Should the information obligation be fulfilled and a processing agreement concluded in respect of employees of clients/contractors?
PRACTICAL ANSWER
An employee's personal data in the form of their first name and surname, business email address and business telephone number are so-called business data closely linked to their professional role. They are subject to limited protection under the GDPR. This limited protection means, among other things, that the data controller, i.e. the employer, may, for example, place those data on a website or in contracts with clients as contact details for the controller's company without the employee's consent. These are not a natural person's private personal data, such as their home address or date of birth, but business personal data closely linked to their professional role. It should therefore be noted that in business contacts between two data controllers, where employees' data are transferred to the other entity in connection with its activities, there is no processing on behalf of another controller within the meaning of Article 28 GDPR, but rather disclosure of personal data. No processing agreement is therefore concluded in this respect.

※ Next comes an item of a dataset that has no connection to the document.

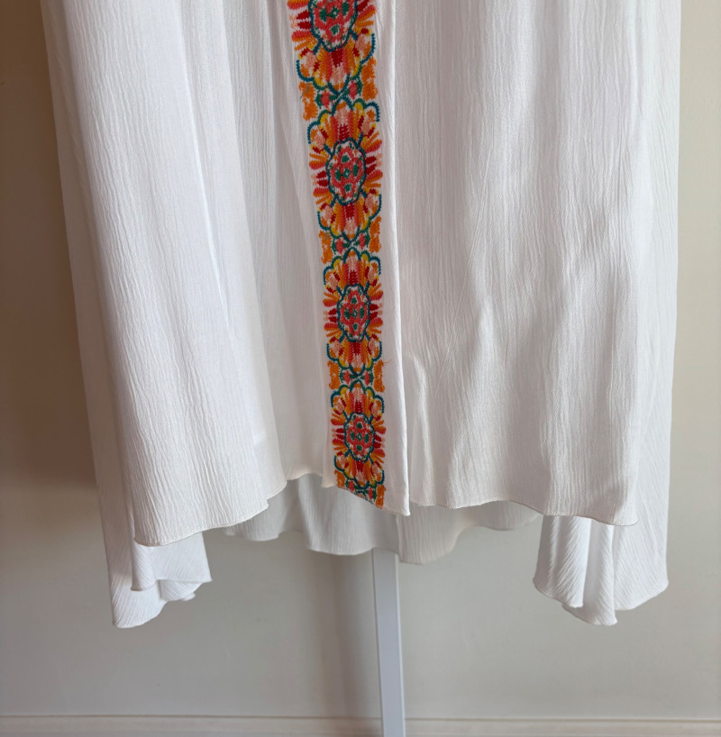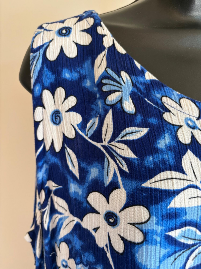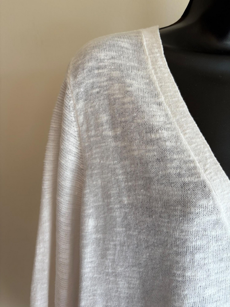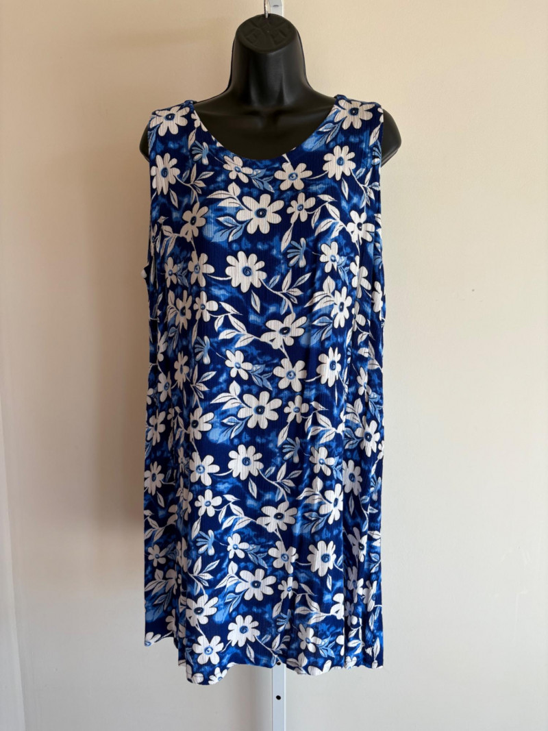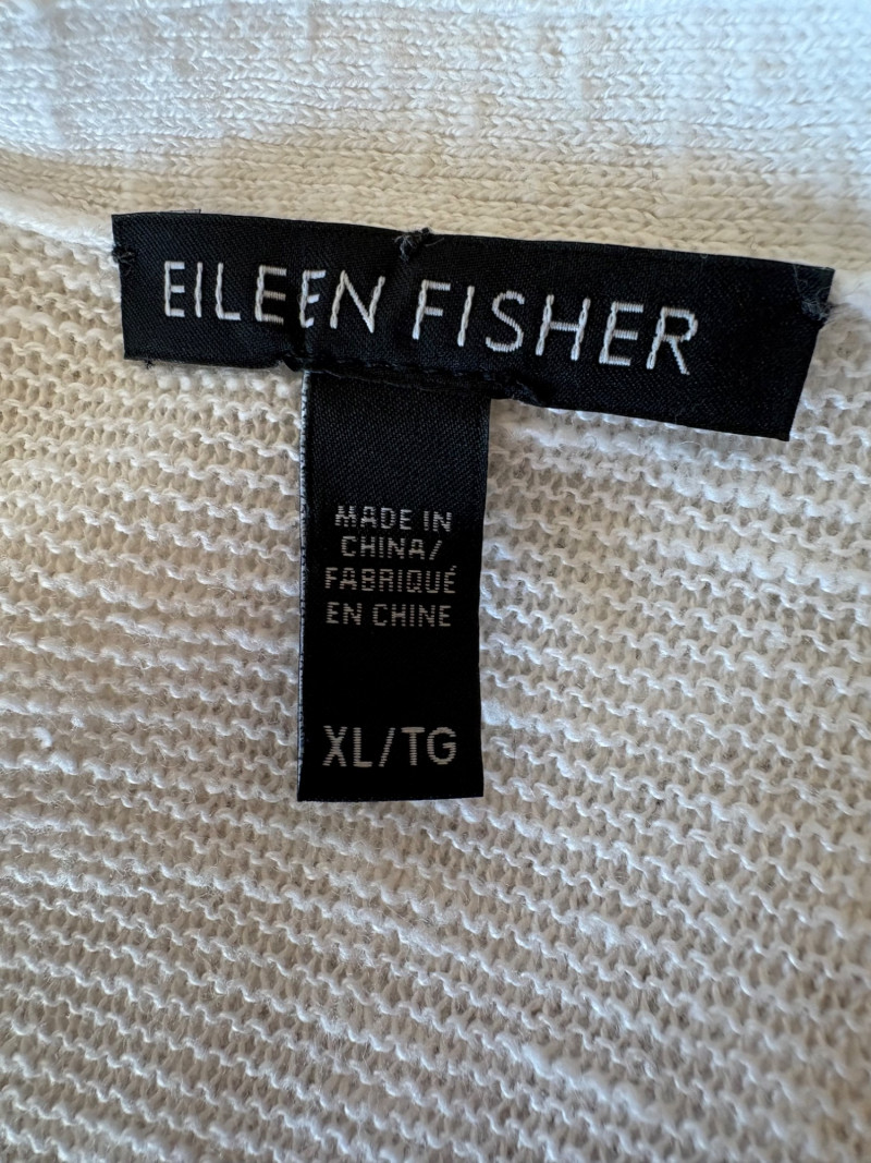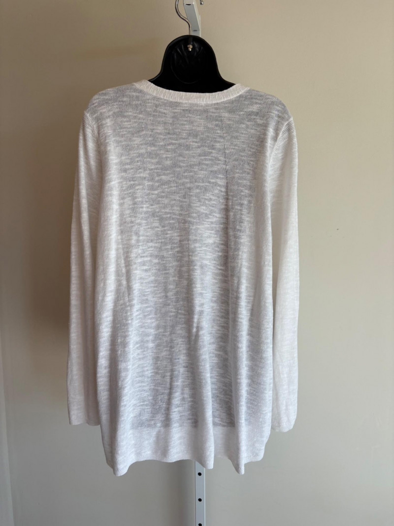 Two great summer dresses with a pure white cardigan for cooler evenings that will work with either dress. White gauze dress from Chico's has center front embroidery in cheery colors, curved pull-over neckline, and is fully lined. In excellent condition. Outer dress is 100% rayon with 100% cotton lining. Measures 22.5" pit to pit and 47" from back neckline to hem - note that hem is slightly longer & curved in back. Size tag says 3. Blue and white Hawaiian print floral from Hibiscus Collection of Hawaii has curved neckline, single back button closure, and A-line design. In excellent condition. 100% rayon. Measures 22" pit to pit and 32" from back neckline to hem. Size tag says OSFA (so NOT true!!!!) White lightweight open weave cardigan from Eileen Fisher has V-neck with 5 button front closure and ribbed cuffs & hem. Contrast white on white weave on sleeves and center back to add interest. In excellent condition. 56% organic linen with 44% organic cotton. Measures 23" pit to pit and 29" from back neckline to hem. Size tag says XL.

Nevertheless, the GDPR contains no exemption allowing the information obligation to be waived. Accordingly, it is considered that if one controller has disclosed its employee's personal data for contact purposes, the controller that has received those personal data is obliged to fulfil the information obligation under Article 14 GDPR.
Article 14(5)(a) and (b) GDPR, which set out situations in which a data controller may refrain from providing the content of the information obligation, do not, in the author's view, provide assurance that those provisions would not be challenged by the Polish DPA in the event of an inspection.